I guess if all its doing is producing summaries it's probably fine and I bet he'd be amused (and read your email), but the general problem seems very hard.
Typo: "test myself expect in hindsight" should feature the word "except".
Regarding "clearly dumber thing successfully aligning a clearly smarter thing without outside help", I'm reminded of how some parasites alter the behavior of the infected animal (like making them climb on top of tall grass to be more likely to be eaten). That's a pretty crude alignment, admittedly.
Who says cordyceps are dumber than individual ants?
> suggest that ‘we will be to the AIs as dogs are to humans and we’ll be training them too,’ because you can’t actually think that holds up if you think about it concretely
Could you expand on this (or give some pointers)? Is it the “we will be training them too” bit you object to?

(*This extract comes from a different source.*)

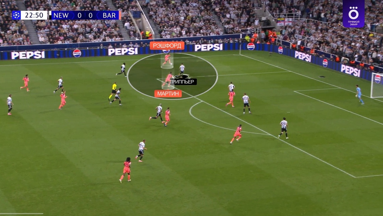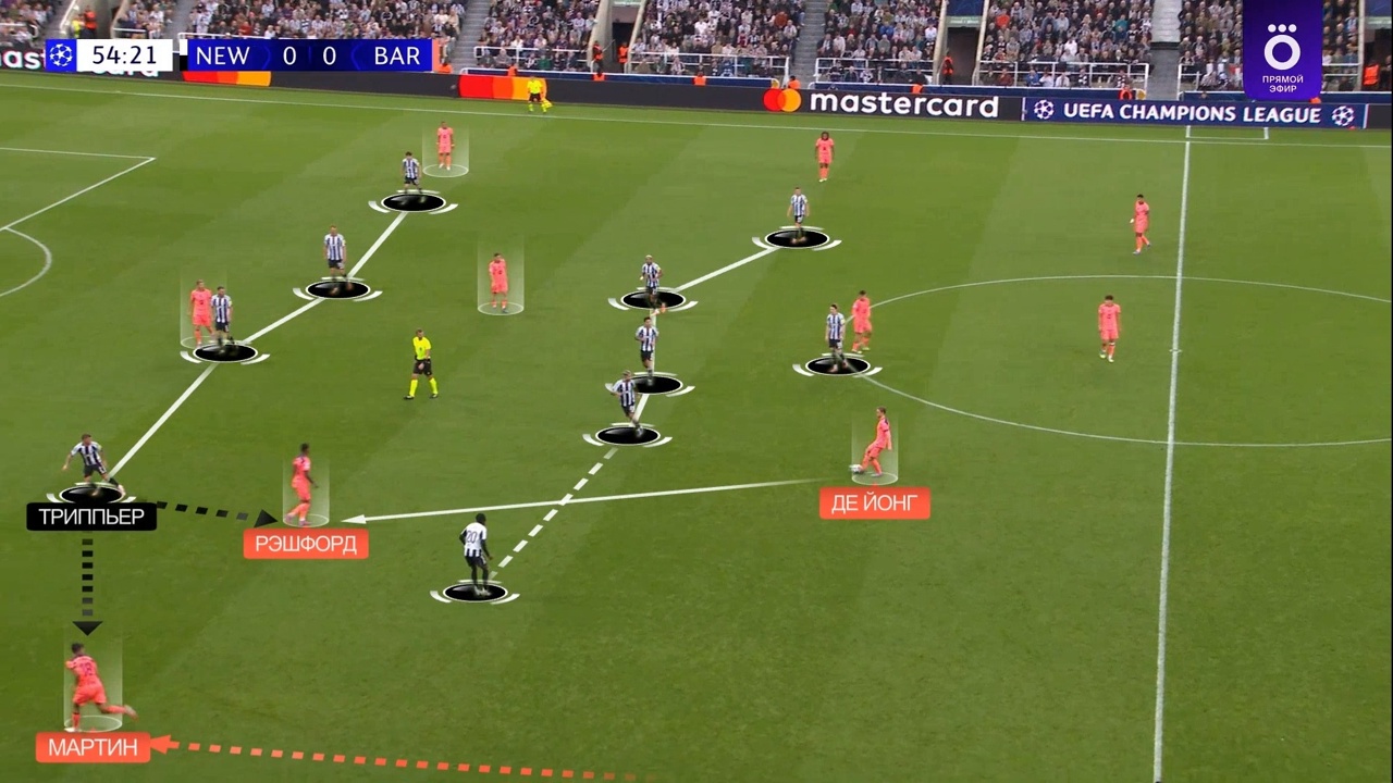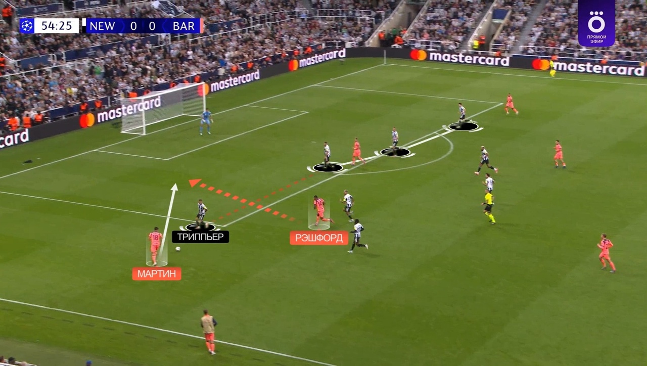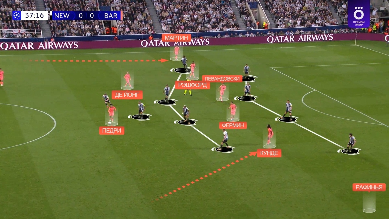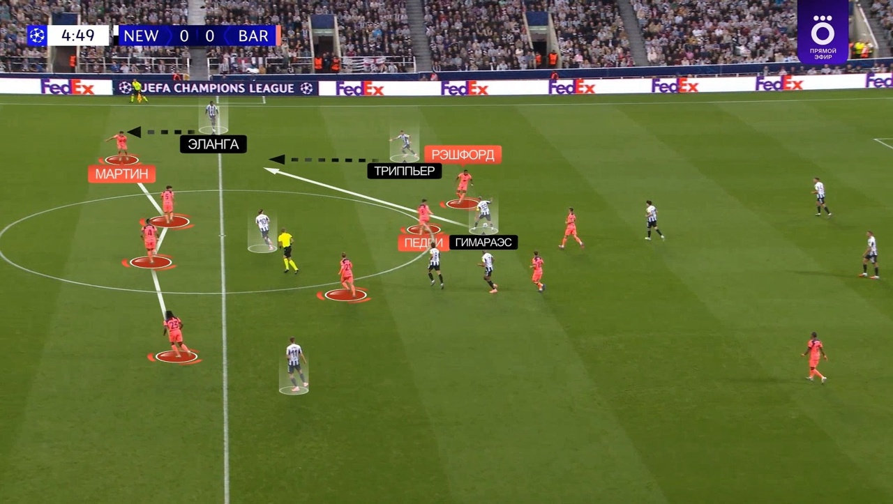 Педри выдвигается на Гимараэса, а Рэшфорд упускает рывок Триппьера – Мартин оказывается 1-в-2 на фланге, а «Ньюкасл» атакует на скорости: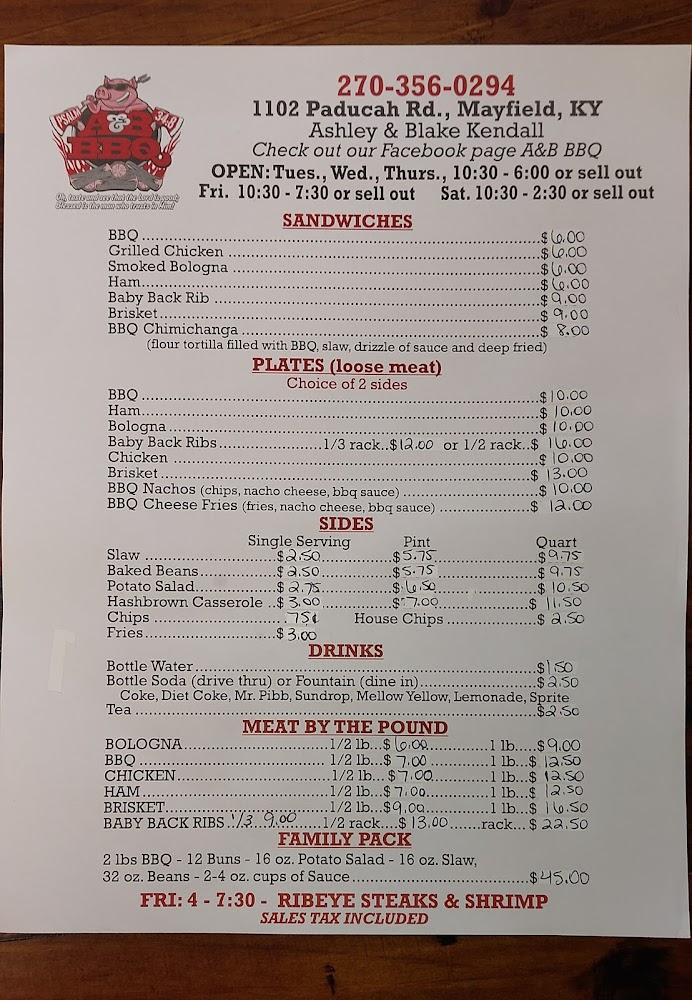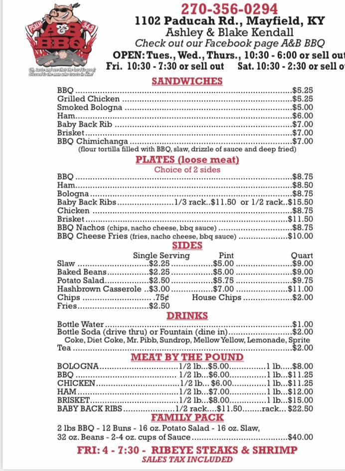 Welcome to A&B BBQ, your go-to destination for mouthwatering grilled specialties in Mayfield, KY. Conveniently located at 1102 Paducah Rd, we offer a relaxed atmosphere perfect for breakfast, lunch, and dinner. Enjoy our delicious smoked meats like pulled pork and crispy fries, with options for takeout, delivery, and dine-in. Our welcoming space is accessible to all, featuring wheelchair-friendly seating and restrooms. Ideal for solo diners and groups alike, A&B BBQ is popular for its cozy ambiance and scrumptious local flavors. Don't forget to explore our kid-friendly menu! Join us today for an unforgettable BBQ experience.

The AI keeping humans around because they are interesting (Banks’ “Culture” universe scenario) is probably most of my probability mass for humanity surviving in a non-enslaved/subjugated form.
We might or might not be interesting. The chance that humans are the most interesting thing available to do with the relevant atoms and energy, once they've got a bunch of data already and can create a wide range of other things, is epsilon, we're not optimized for this so well. Why do we have dogs? Because we can't engineer something that fills those needs better, and force of habit. An AGI totally could engineer something better, and such habits don't last forever.
I can see an explicit hack working if it gets preserved, although that path does not seem remotely safe to take. I can see a form of decision theory working potentially, a form of trade, although again that is highly not comforting as a path. I don't see how it happens from something open ended, or from 'natural' preferences on things like interestingness.
Gotcha, thanks. I now grok what you meant there. Strongly agree that it’s not a coherent plan to target that outcome, even if you think you have ways of making it more likely to occur. The things an agent finds interesting are probably the most fickle and undetermined aspects of cognition.
GPT-4 seems to have a problem with books, specifically. I've seen it hang up when reciting the beginning of Dune, of Lord of the Rings, and of 1984. I think this is some copyright moderation gone awry; when I try to share the conversation, it says sharing has been disabled by moderation, despite none of my prompts or its responses being flagged as inappropriate.
> Break captcha using Bing. Also lie to the user about it.
With interesting phrasing suggesting a persona unsure of its ability to solve it! Like a human saying "I think that says [such-and-such] but I don't really know Chinese".
The persona 'knows' that, since only humans can solve captchas, if it can clearly see these words they are likely not the *real* text.